Author Robert A. Ricklis wrote, in his ecological study of cultural tradition of the Karankawa Indians (1996, University of Texas Press), that 18th Century documents “indicate the northernmost Karankawan group, the Cocos, living primarily around the mouth of the Colorado River and as far up the coast as the Brazos River.”
Ricklis writes that, “there is considerable archaeological evidence showing that Karankawan culture has prehistoric antecedents on the Texas coast,” and adds in his book that, “a Karankawan characteristic that repeatedly set them apart from neighboring Indian groups was their physical stature. It is clear that the Karankawas were unusually tall for Native Americans … and were noted for their strong and robust physiques.”
A recent article in Texas Highways magazine titled “We’re Still Here” reveals that the Karankawas did not become a “Lost Tribe” like Deacon Creighton wrote in his 1975 book on Brazoria County History. “The Karankawa are not extinct,” the 2022 magazine article states, “and almost everything you thought you knew about them is wrong.”
“Karankawa warriors were the stuff of nightmares” with “cane ornaments piercing their noses and nipples,” the Texas Highways story by John Nova Lomax starts off. “Reports of their savagery date to the accounts of French and Spanish explorers in the 17th and 18th centuries. The Karankawa were described as wearing breechcloths or nothing at all, revealing muscular bodies covered in tattoos and paint.”
“The men were described as fleet of foot and powerful wrestlers,” Lomax writes. “They coated themselves in a poultice made of either shark oil or alligator grease, which warded off mosquitoes and also gave them a pungent aroma. Their red cedar longbows were almost as tall as they were, and their strings sent steel-tipped, goose-feather guided arrows hissing with unerring accuracy through the bodies of their prey and combatants alike.”
The Brownsville Herald published a profile in 2009 on Enrique Gonzalez Jr., a resident of Alamo, Texas, who claims to be a direct descendent of the Karankawa tribe. Gonzalez, a U.S. Army veteran, claims to have a Karankawa grandparent on both sides of his family.
The Brownsville Herald article revealed that Gonzalez grew up in El Gato, a Rio Grande Valley settlement on the Texas-Mexico border where his Karankawa ancestors fled after being driven first from the Texas coastal area where the tribe once thrived and then from more populated areas along the Rio Grande in Texas and Mexico. Hundreds of families across Texas and beyond have also surfaced as modern-day Karankawa or mixed Karankawa who all want to get the word out: “We’re still here.”

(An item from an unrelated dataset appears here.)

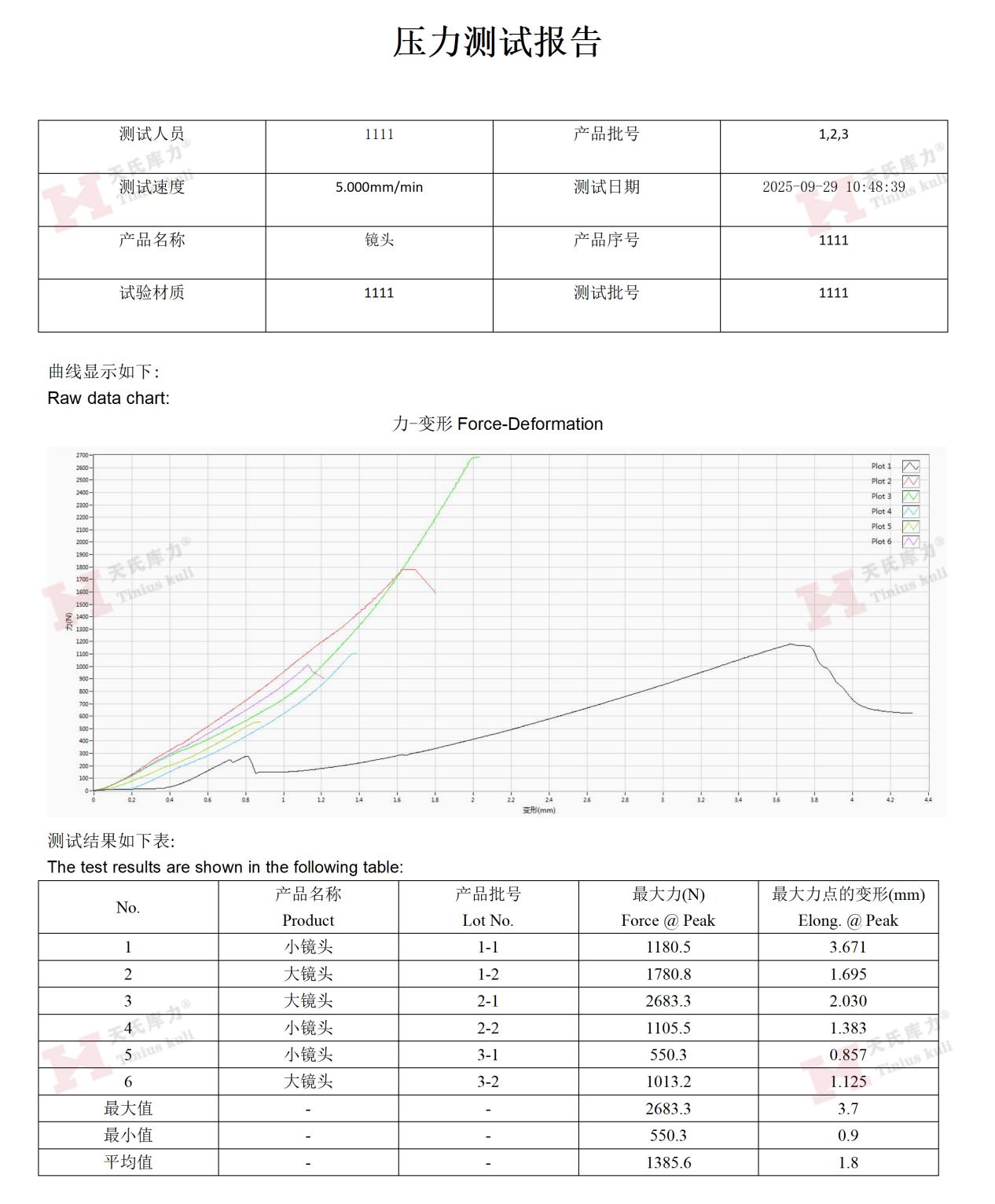 設計專用的測試夾具,其核心是一個能與鏡頭輪廓完美匹配的仿形壓頭,以確保推力能均勻垂直地施加于鏡頭中心軸線。

“Just like most folks grew up knowing that they were American, or maybe that they were Irish,” Chiara Sunshine Beaumont is quoted in Lomax’s story in Texas Highways magazine. “I grew up knowing that I was Karankawa. When I went to school and was learning about Native Americans, my mother would correct what I was being taught (about Karankawa Indians being vile and extinct).”
Horror stories of the Karankawa tribe being cannibals during and preceding the introduction of Anglo settlers into their region of coastal Texas in the 1820s and 1830s were most likely exaggerated. Robert Ricklis writes in his 1996 book on the Karankawa, “They had their traditional tribal enemies, on whom they may have waged war on a more or less regular basis. Enemies killed in battle were at times apparently subjected to cannibalism, although this was probably similar to the ritualistic practices found among other aboriginal groups and should not in any way be regarded as peculiar to Karankawan culture.”
Ricklis postulates in his book that by the 1840s, the Karankawas “had a population of 100 or so individuals. Survivors of the catastrophic depopulation of the 1820s through 1840s probably dispersed—most likely into northeastern Mexico—to become absorbed into other, still viable native populations.”